▶ **BRIEF**:
Every line below from the one containing "標準装備のハンガーアイテムで" through the one containing "Retire a bandeja" is to be printed exactly, with the pictures omitted.

▶ **DATA FOR REVIEW**:
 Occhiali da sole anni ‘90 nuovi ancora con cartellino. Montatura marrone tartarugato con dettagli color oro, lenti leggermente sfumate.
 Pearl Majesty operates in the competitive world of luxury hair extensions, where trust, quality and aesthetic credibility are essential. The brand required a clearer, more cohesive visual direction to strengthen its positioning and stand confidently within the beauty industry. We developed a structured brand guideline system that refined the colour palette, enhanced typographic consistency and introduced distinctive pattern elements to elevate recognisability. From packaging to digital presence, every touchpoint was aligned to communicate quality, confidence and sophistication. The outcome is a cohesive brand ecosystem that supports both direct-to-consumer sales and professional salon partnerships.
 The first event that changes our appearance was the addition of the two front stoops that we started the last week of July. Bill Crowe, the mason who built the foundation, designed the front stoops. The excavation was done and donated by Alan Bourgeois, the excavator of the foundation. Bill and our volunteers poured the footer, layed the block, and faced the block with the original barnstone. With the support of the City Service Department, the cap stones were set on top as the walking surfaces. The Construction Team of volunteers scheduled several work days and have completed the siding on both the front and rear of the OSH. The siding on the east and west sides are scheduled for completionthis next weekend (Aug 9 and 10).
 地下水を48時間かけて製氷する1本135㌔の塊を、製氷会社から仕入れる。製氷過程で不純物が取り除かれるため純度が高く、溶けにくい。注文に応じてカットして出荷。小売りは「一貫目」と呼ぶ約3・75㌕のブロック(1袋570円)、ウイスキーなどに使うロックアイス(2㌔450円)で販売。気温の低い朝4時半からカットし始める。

==

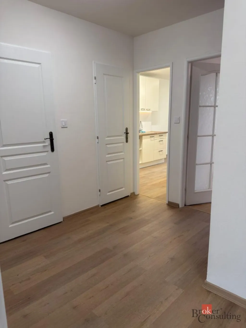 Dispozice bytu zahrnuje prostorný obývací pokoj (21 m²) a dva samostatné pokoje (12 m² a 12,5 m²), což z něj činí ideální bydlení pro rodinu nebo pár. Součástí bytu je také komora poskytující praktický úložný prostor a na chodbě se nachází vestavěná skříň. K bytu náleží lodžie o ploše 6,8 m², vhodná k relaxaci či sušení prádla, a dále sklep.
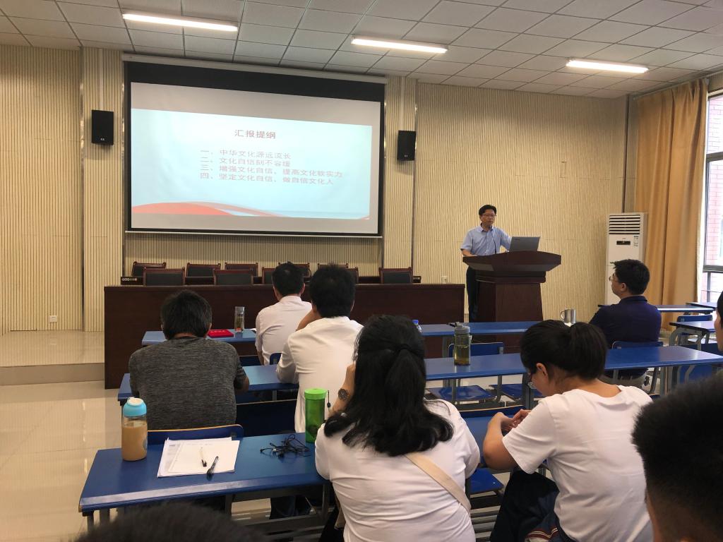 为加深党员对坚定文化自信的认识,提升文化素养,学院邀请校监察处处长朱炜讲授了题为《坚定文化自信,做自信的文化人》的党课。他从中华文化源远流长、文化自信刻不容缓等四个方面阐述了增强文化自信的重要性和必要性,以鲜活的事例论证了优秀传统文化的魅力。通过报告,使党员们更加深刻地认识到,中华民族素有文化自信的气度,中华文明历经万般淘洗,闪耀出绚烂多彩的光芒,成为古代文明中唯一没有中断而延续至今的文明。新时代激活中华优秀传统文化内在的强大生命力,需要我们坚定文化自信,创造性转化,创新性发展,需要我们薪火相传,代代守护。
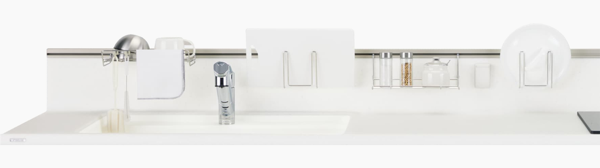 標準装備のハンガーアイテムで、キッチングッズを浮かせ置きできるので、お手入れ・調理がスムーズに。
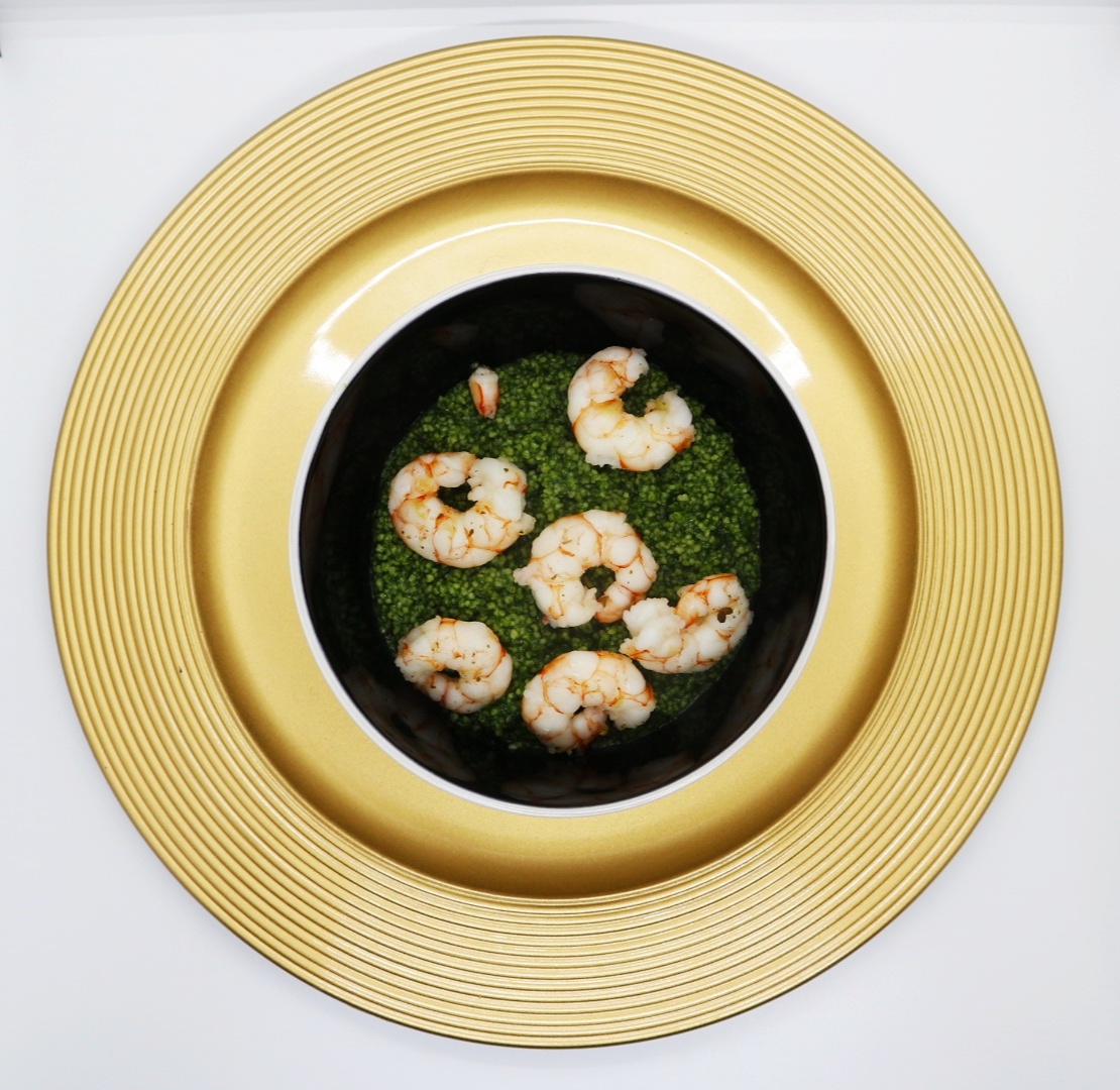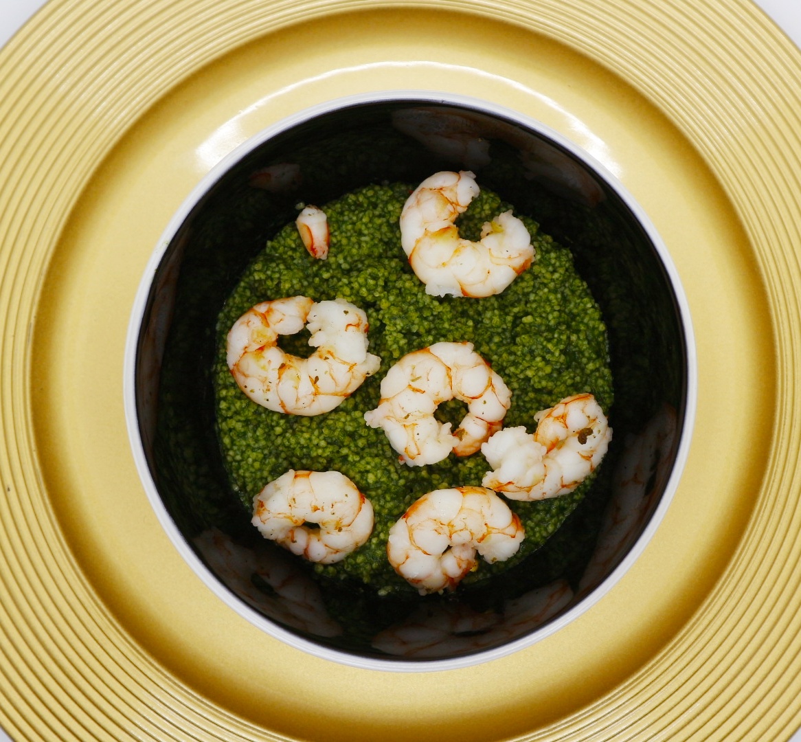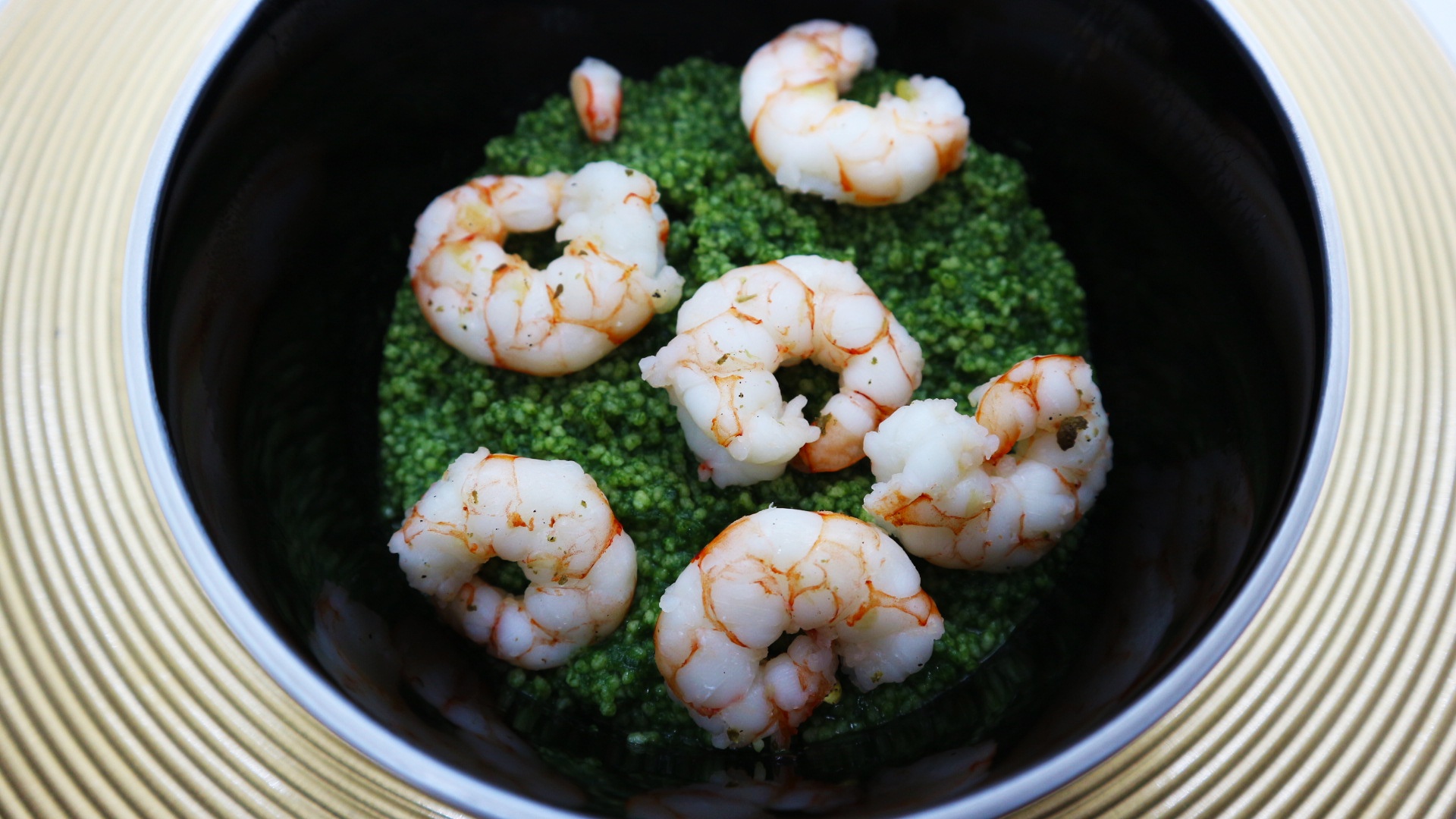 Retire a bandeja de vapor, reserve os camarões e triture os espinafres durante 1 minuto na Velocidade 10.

▶ **SOLUTION FOR THIS PROBLEM**:
 標準装備のハンガーアイテムで、キッチングッズを浮かせ置きできるので、お手入れ・調理がスムーズに。
 Retire a bandeja de vapor, reserve os camarões e triture os espinafres durante 1 minuto na Velocidade 10.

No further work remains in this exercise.